GGI Properties, LLC v. City of Millville (In re GGI Properties, LLC)

568 B.R. 231
CourtUnited States Bankruptcy Court, D. New Jersey
DecidedJune 7, 2017
DocketCase No.: 16-14328-ABA; Adv. No.: 16-1202-ABA
StatusPublished
Cited by13 cases

This text of 568 B.R. 231 (GGI Properties, LLC v. City of Millville (In re GGI Properties, LLC)) is published on Counsel Stack Legal Research, covering United States Bankruptcy Court, D. New Jersey primary law. Counsel Stack provides free access to over 12 million legal documents including statutes, case law, regulations, and constitutions.

Bluebook
GGI Properties, LLC v. City of Millville (In re GGI Properties, LLC), 568 B.R. 231 (N.J. 2017).

Opinion

MEMORANDUM DECISION

Andrew B. Altenburg, Jr., United States Bankruptcy Judge

I. INTRODUCTION

This matter is before the court on the motion of the City of Millville (the “City”) for summary judgment. Through its adversary proceeding complaint, the Debtor, GGI Properties, LLC (“GGI”), seeks to avoid the transfer of a parcel of real estate located in the City, after the City, pursuant to New Jersey’s tax sale laws, foreclosed on the property due to unpaid real estate taxes. GGI alleges that the transfer is avoidable as a constructively fraudulent transfer and/or as a preference and seeks recovery. The City argues that the Supreme Court’s holding in BFP v. Resolution Trust Corp., 511 U.S. 531, 114 S.Ct. 1757, 128 L.Ed.2d 556 (1994) (“BFP”), applies to preclude avoidance and/or such an avoidance would impinge on state court rights. Alternatively, if the court disagrees with those arguments, it asserts that GGI received reasonably equivalent value in exchange for the transfer.

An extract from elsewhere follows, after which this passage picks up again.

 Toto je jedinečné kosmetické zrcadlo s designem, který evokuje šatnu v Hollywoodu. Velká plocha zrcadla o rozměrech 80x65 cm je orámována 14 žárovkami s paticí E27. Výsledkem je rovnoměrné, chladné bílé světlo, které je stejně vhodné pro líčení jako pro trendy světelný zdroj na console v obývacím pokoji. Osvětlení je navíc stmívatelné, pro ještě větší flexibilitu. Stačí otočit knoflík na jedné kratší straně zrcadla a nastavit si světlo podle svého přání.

After careful review of the submissions of the parties, the relevant case law concerning third party purchasers pursuant to a tax sale and foreclosure, and statutes, the .court determines that a transfer of property to a municipality pursuant to a tax sale and foreclosure, where there was no competitive bidding, can constitute a fraudulent conveyance under 11 U.S.C. § 548(a)(1)(B), and is not barred by the United States Supreme Court’s holding in BFP. Likewise, this court further concludes that the transfer may also constitute an avoidable preference under 11 U.S.C. § 547(b). Finally, the court finds that there is a genuine issue of material fact regarding the value of the property transferred and, if necessary, what would be an appropriate remedy, thus the summary judgment motion must be denied.

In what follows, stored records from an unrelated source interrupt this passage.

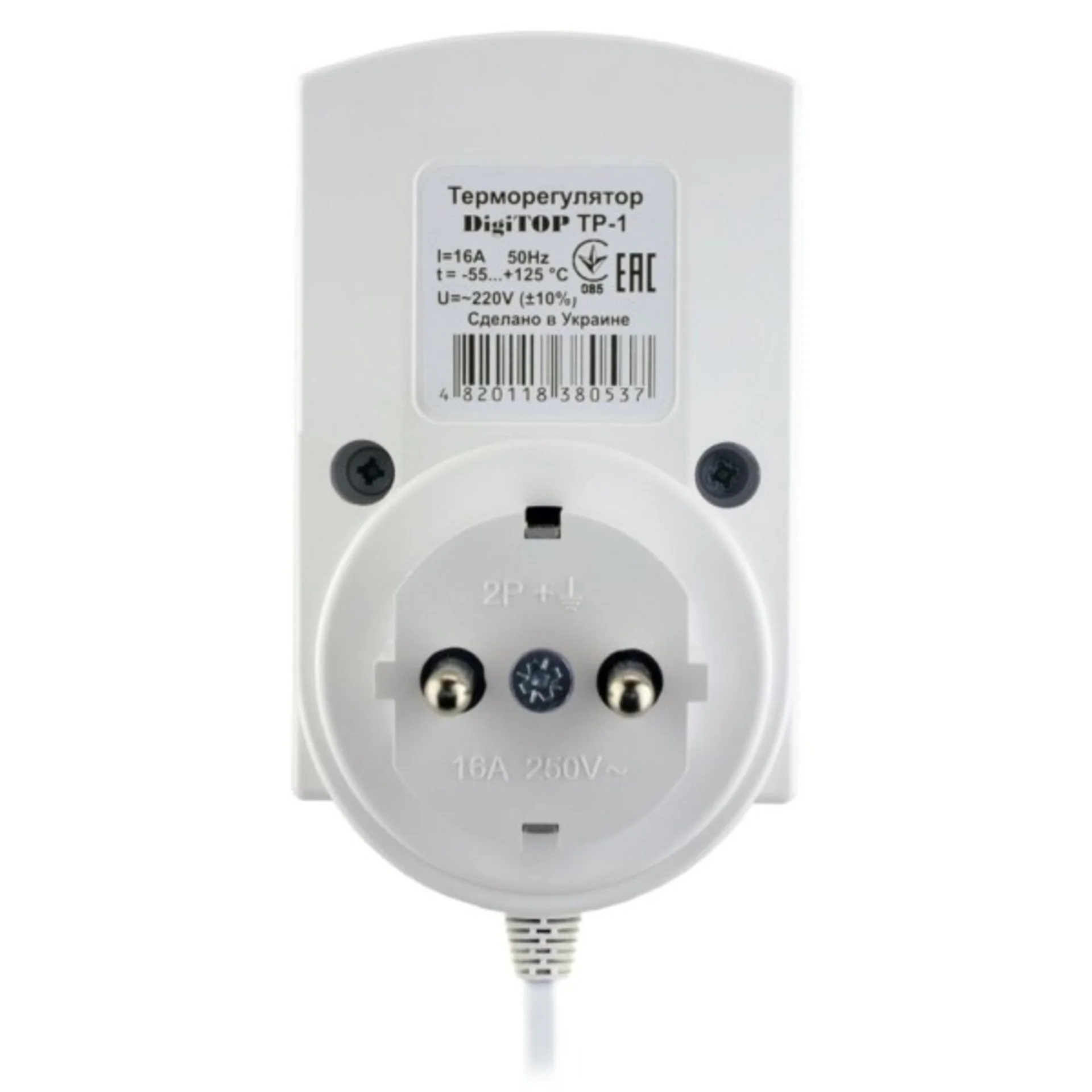 DigiTOP ТР-1 – універсальний терморегулятор, призначений для контролю і підтримки температури в житлових і виробничих приміщеннях. Ідеально підходить для управління роботою нагрівального або охолоджувального обладнання: конвекторів, масляних обігрівачів, теплових гармат, вентиляторів та інших пристроїв.
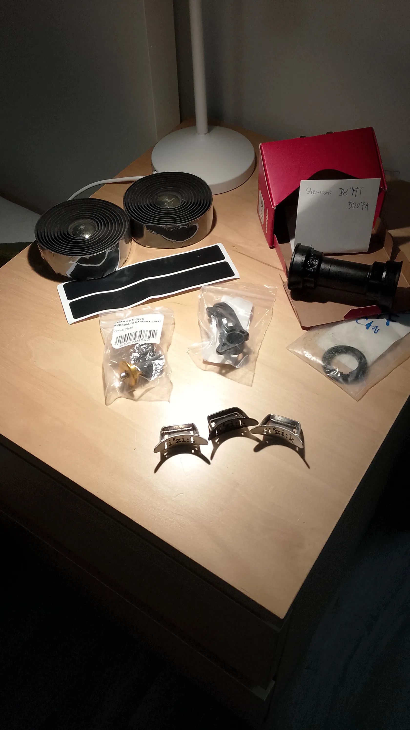 Prodám po úklidu : - omotávka nová černá na gravel/sil. řídítka - 50,- Kč - střed Shimano PF MT - 501 zánovní - 50,- Kč - klipy do sedel Fizik (Tundra, Arione apod.) 3ks - á 20,- Kč - nová patka MTB Canyon-Grand Canyon 11s - 20,- Kč - zátky do řídítek nové zlaté - 30,- Kč Ceny při osobním odběru , jinak plus poštovné.
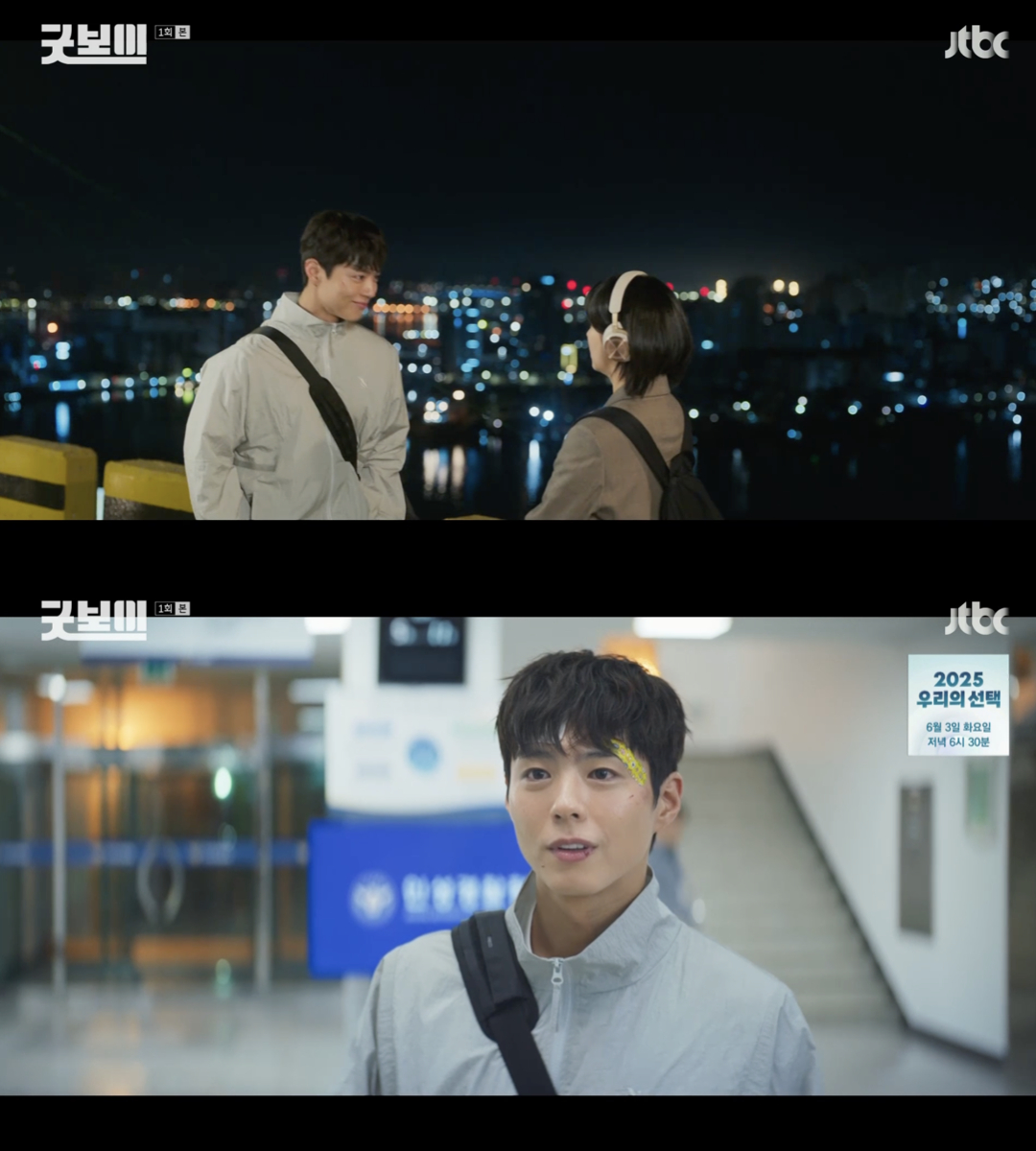 31일 첫 방송된 JTBC 새 토일드라마 굿보이 1회에서는 윤동주(박보검 분)와 지한나(김소현 분)가 경찰청에서 재회하는 장면이 그려졌다. 두 사람은 과거 태릉선수촌 시절부터 알고 지낸 사이로, 오랜 시간이 흐른 뒤 다시 마주하게 됐다.

II. JURISDICTION AND VENUE

The court has jurisdiction over this contested matter under 28 U.S.C. §§ 1334(a) and 157(a) and the Standing Order of the United States District Court dated July 10, 1984, as amended October 17, 2013, referring all bankruptcy cases to the bankruptcy court. This matter is a core proceeding within the meaning of 28 U.S.C. § 157(b)(2)(F), (H). Venue is proper in this Court pursuant to 28 U.S.C. § 1408. The statutory predicates for the relief sought herein are 11 U.S.C. §§ 548(a)(1)(B), 547(b), and 550(a).

[236]*236III. BACKGROUND1

The property at issue is approximately 18 acres located at 200 G Street, off Route 47, a main road into the City of Millville, site of the former Wheaton Glass Works factory (the “Property”). Doc. No. 18-8, ¶ 5; Doc. No. 20, ¶ 6. GGI obtained the Property through the liquidating chapter 11 plan filed in a bankruptcy case in the Bankruptcy Court for the District of Delaware (the “Delaware Bankruptcy”) involving GGI’s predecessor in interest, The Glass Group, Inc. In the course of that case, a secured claim of the City against the Property was challenged and significantly reduced. Ultimately, the Property was deeded to GGI on September 7, 2006. Doc. No. 18-4, pp. 21-22.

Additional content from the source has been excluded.